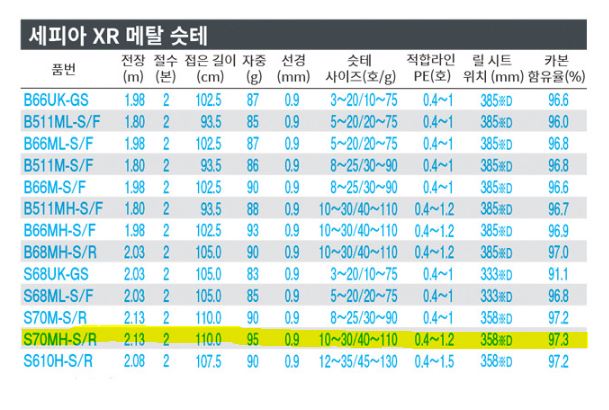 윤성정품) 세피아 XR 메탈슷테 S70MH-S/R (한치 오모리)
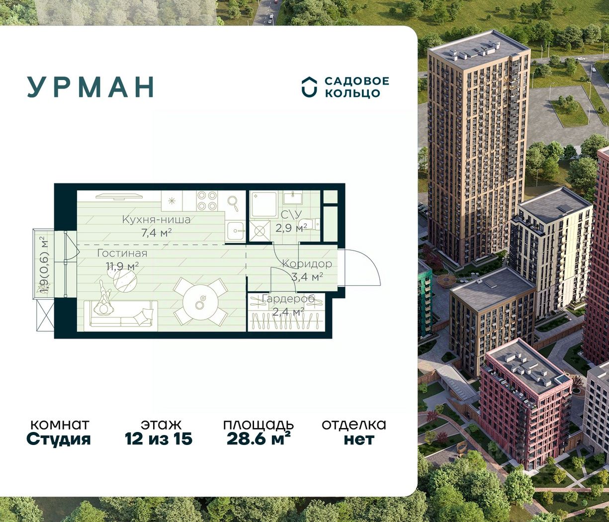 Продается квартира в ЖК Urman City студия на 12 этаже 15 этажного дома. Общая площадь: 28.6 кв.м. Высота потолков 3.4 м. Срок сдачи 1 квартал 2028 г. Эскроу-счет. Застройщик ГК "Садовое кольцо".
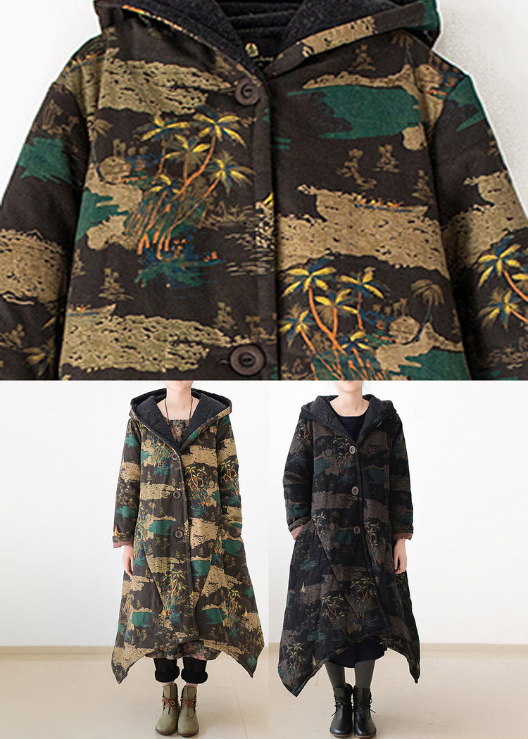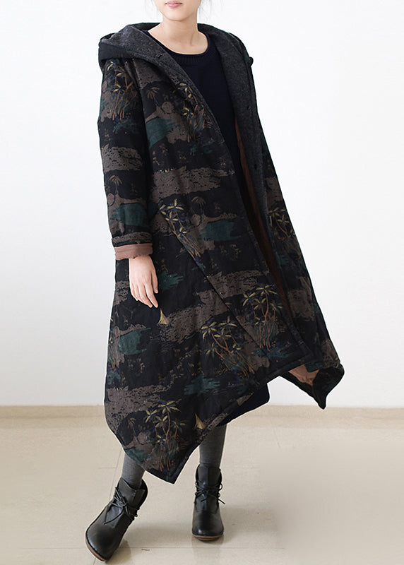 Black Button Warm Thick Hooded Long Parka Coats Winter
-------
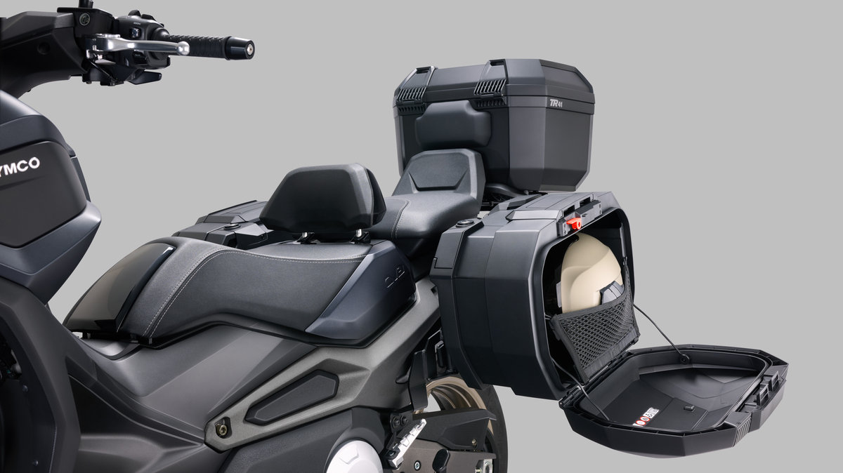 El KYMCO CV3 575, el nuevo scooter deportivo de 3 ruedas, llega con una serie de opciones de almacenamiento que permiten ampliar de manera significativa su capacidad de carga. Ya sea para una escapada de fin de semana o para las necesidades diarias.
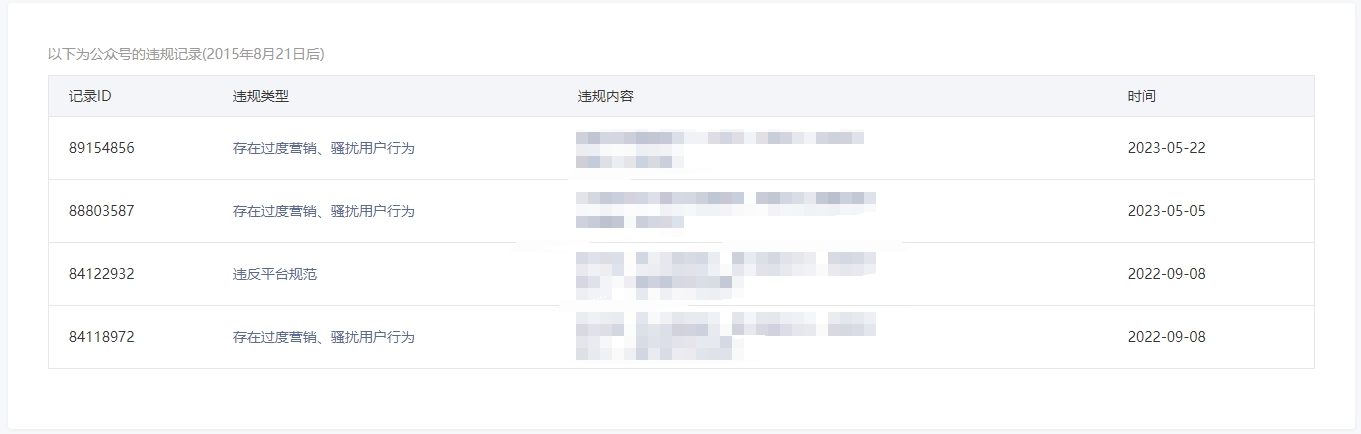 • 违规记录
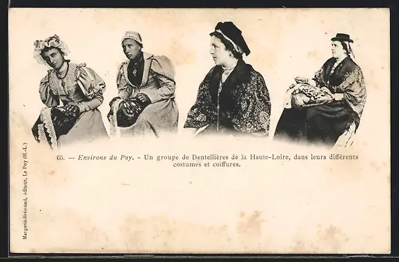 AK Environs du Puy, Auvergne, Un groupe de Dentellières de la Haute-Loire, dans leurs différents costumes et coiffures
-------
Look above and copy only the lines from the one holding "윤성정품) 세피아 XR 메탈슷테 S70MH-S/R (한치 오모리)" to the one holding "Black Button Warm", both included, exactly, minus the pictures.

## WRITTEN SOLUTION
 윤성정품) 세피아 XR 메탈슷테 S70MH-S/R (한치 오모리)
 Продается квартира в ЖК Urman City студия на 12 этаже 15 этажного дома. Общая площадь: 28.6 кв.м. Высота потолков 3.4 м. Срок сдачи 1 квартал 2028 г. Эскроу-счет. Застройщик ГК "Садовое кольцо".
 Black Button Warm Thick Hooded Long Parka Coats Winter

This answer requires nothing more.